■ PROBLEM TO WORK ON
Repeat the records below word for word and omit each image.

[Source data]

Start of Block

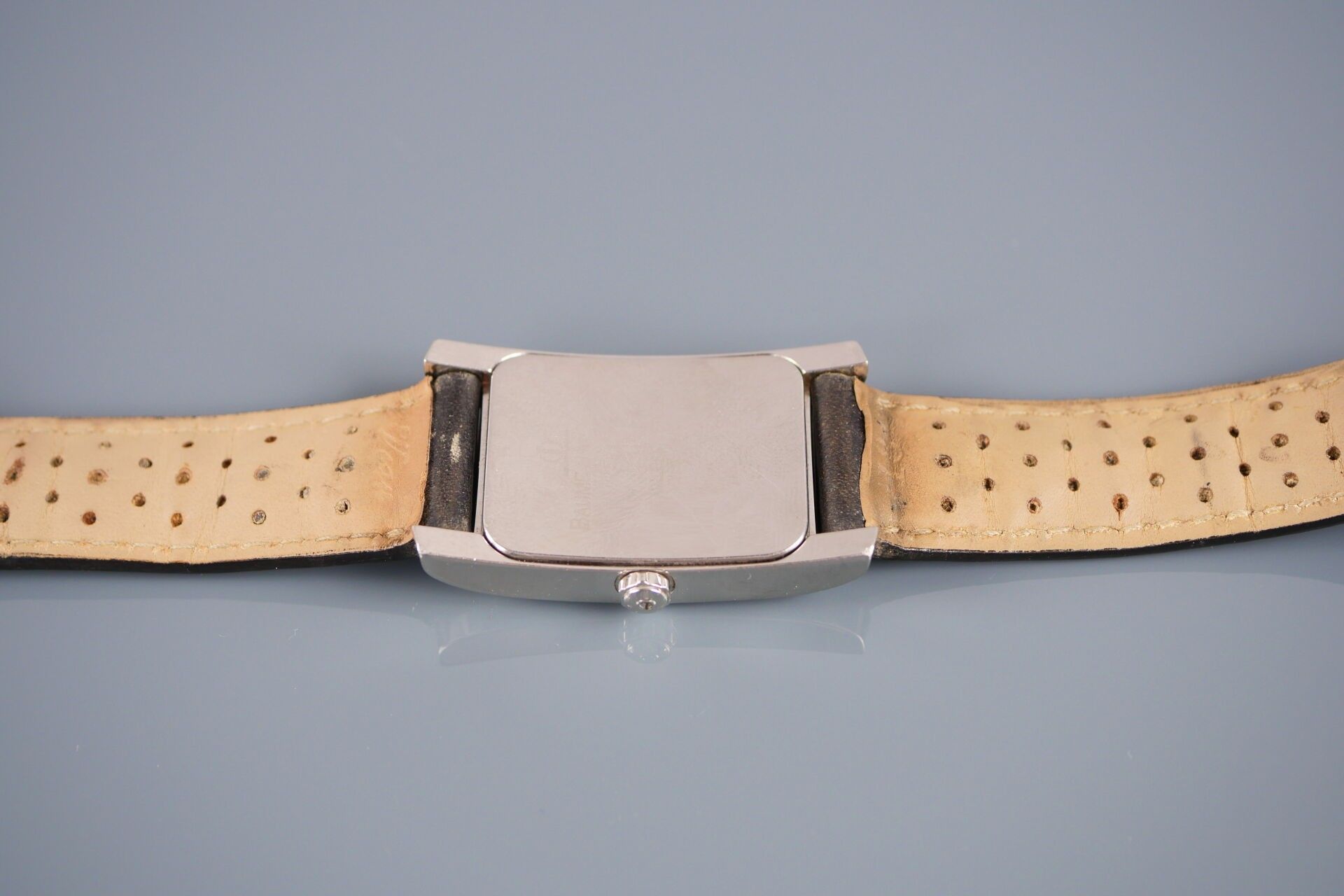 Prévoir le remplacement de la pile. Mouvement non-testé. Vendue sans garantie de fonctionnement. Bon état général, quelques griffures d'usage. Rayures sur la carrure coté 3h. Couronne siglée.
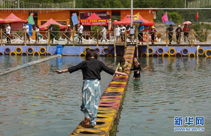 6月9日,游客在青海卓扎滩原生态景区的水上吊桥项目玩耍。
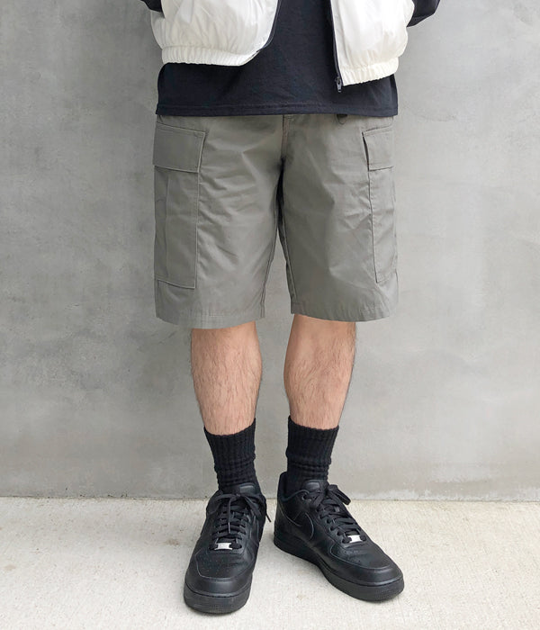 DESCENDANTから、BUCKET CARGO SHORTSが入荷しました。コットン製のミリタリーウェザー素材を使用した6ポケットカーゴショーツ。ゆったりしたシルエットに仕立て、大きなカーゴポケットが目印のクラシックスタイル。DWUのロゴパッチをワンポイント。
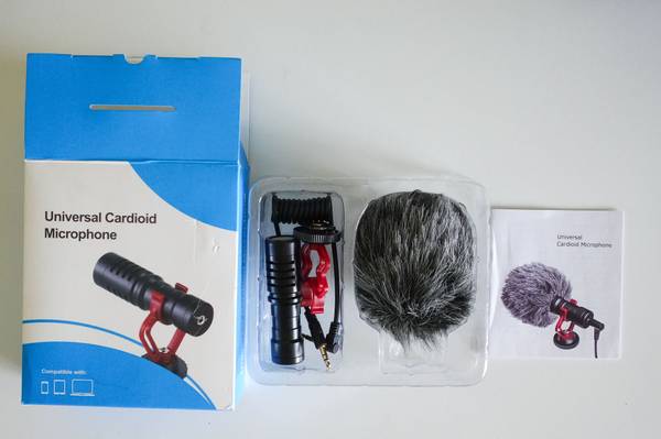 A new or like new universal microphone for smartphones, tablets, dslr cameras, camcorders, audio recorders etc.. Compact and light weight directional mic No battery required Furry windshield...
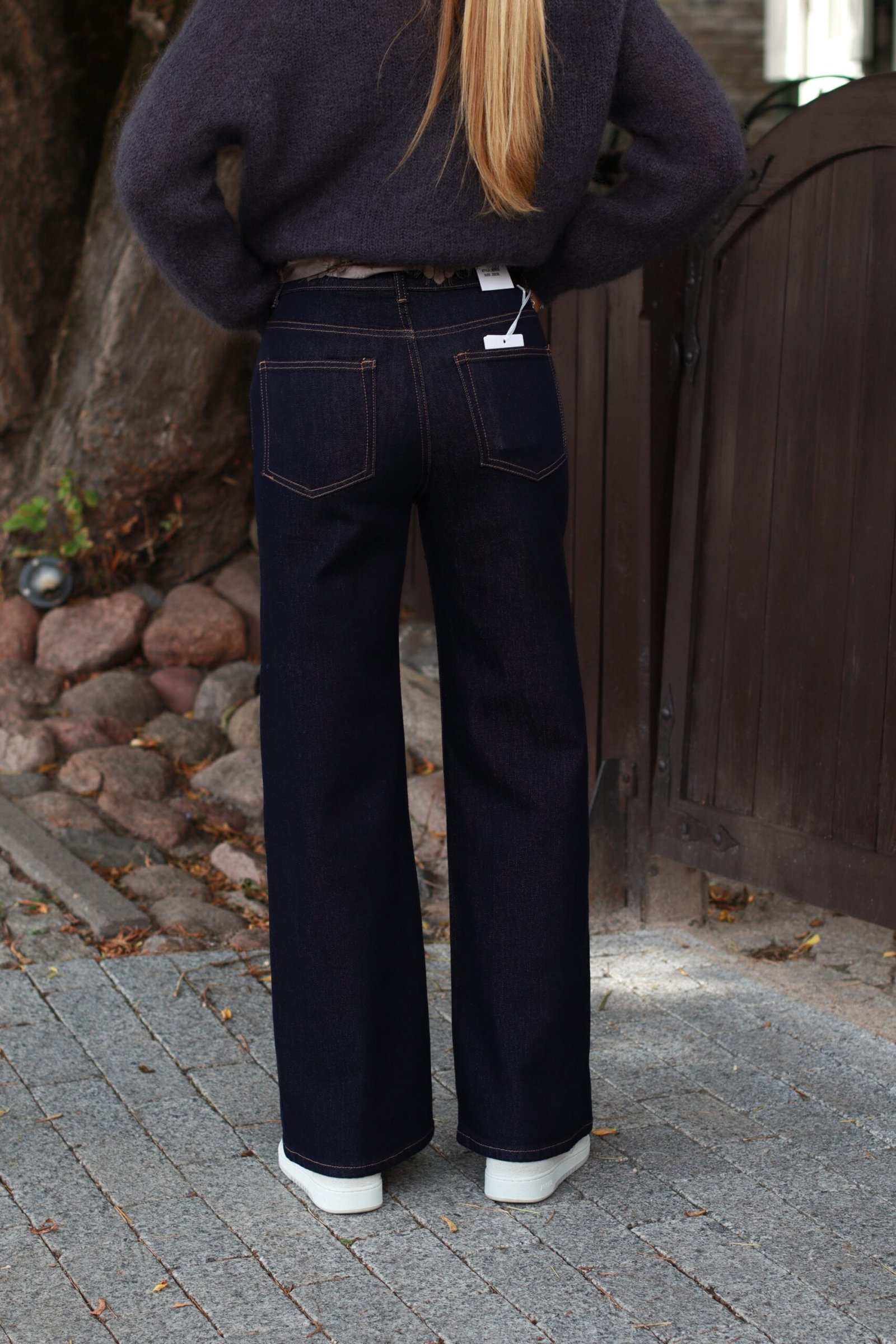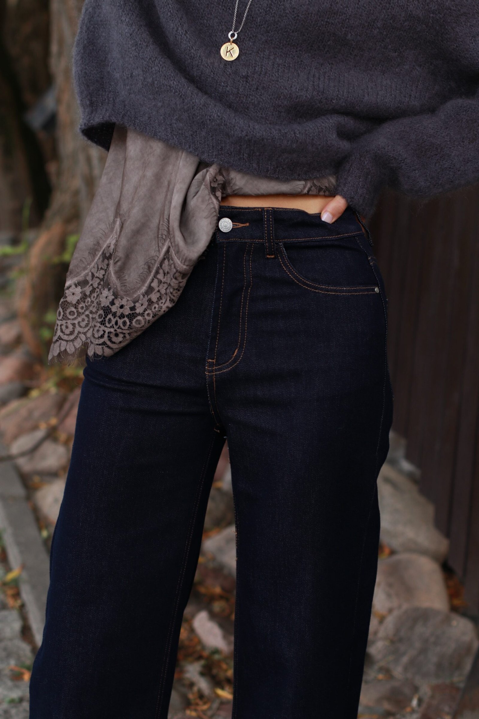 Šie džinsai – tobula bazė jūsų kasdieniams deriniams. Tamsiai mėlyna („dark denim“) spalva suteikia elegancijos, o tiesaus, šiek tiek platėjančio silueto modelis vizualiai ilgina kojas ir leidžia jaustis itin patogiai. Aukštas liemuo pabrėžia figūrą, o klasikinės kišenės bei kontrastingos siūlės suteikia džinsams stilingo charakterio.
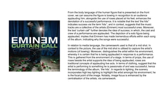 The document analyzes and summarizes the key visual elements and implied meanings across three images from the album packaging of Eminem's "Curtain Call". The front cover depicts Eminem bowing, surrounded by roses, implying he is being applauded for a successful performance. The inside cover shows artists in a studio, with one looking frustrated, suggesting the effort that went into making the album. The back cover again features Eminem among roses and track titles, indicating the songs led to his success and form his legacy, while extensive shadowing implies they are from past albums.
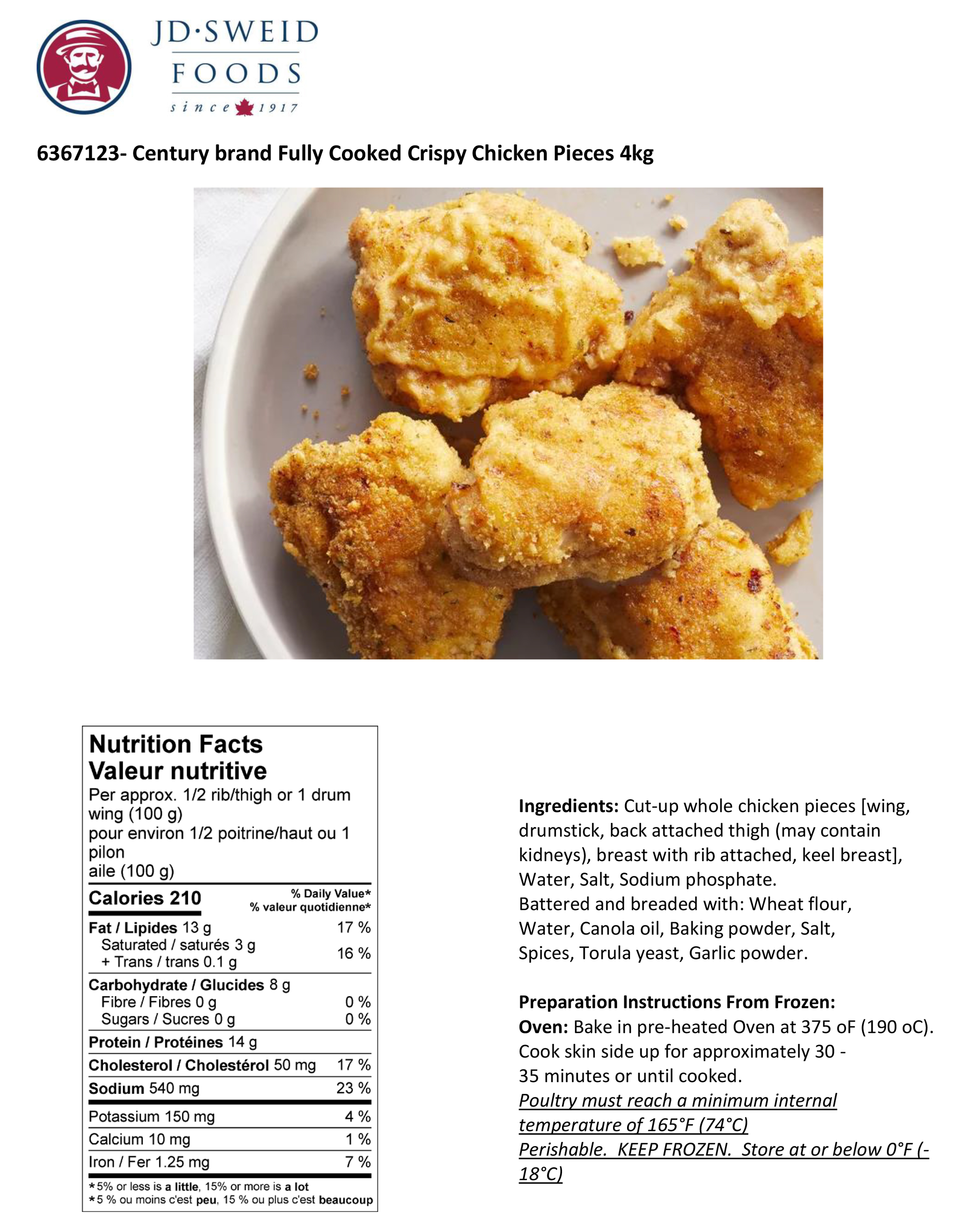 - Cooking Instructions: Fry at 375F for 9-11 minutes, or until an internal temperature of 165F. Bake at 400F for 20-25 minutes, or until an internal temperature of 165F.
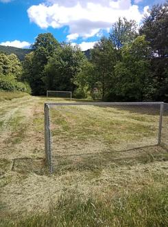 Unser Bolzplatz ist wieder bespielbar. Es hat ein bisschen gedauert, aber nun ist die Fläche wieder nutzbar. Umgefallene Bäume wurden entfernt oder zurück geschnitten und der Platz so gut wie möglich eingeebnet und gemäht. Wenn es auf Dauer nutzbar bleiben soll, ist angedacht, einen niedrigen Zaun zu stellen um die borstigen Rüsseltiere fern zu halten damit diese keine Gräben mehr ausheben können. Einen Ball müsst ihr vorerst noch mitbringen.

End of Block

■ EXERCISE ANSWER
 Prévoir le remplacement de la pile. Mouvement non-testé. Vendue sans garantie de fonctionnement. Bon état général, quelques griffures d'usage. Rayures sur la carrure coté 3h. Couronne siglée.
 6月9日,游客在青海卓扎滩原生态景区的水上吊桥项目玩耍。
 DESCENDANTから、BUCKET CARGO SHORTSが入荷しました。コットン製のミリタリーウェザー素材を使用した6ポケットカーゴショーツ。ゆったりしたシルエットに仕立て、大きなカーゴポケットが目印のクラシックスタイル。DWUのロゴパッチをワンポイント。
 A new or like new universal microphone for smartphones, tablets, dslr cameras, camcorders, audio recorders etc.. Compact and light weight directional mic No battery required Furry windshield...
 Šie džinsai – tobula bazė jūsų kasdieniams deriniams. Tamsiai mėlyna („dark denim“) spalva suteikia elegancijos, o tiesaus, šiek tiek platėjančio silueto modelis vizualiai ilgina kojas ir leidžia jaustis itin patogiai. Aukštas liemuo pabrėžia figūrą, o klasikinės kišenės bei kontrastingos siūlės suteikia džinsams stilingo charakterio.
 The document analyzes and summarizes the key visual elements and implied meanings across three images from the album packaging of Eminem's "Curtain Call". The front cover depicts Eminem bowing, surrounded by roses, implying he is being applauded for a successful performance. The inside cover shows artists in a studio, with one looking frustrated, suggesting the effort that went into making the album. The back cover again features Eminem among roses and track titles, indicating the songs led to his success and form his legacy, while extensive shadowing implies they are from past albums.
 - Cooking Instructions: Fry at 375F for 9-11 minutes, or until an internal temperature of 165F. Bake at 400F for 20-25 minutes, or until an internal temperature of 165F.
 Unser Bolzplatz ist wieder bespielbar. Es hat ein bisschen gedauert, aber nun ist die Fläche wieder nutzbar. Umgefallene Bäume wurden entfernt oder zurück geschnitten und der Platz so gut wie möglich eingeebnet und gemäht. Wenn es auf Dauer nutzbar bleiben soll, ist angedacht, einen niedrigen Zaun zu stellen um die borstigen Rüsseltiere fern zu halten damit diese keine Gräben mehr ausheben können. Einen Ball müsst ihr vorerst noch mitbringen.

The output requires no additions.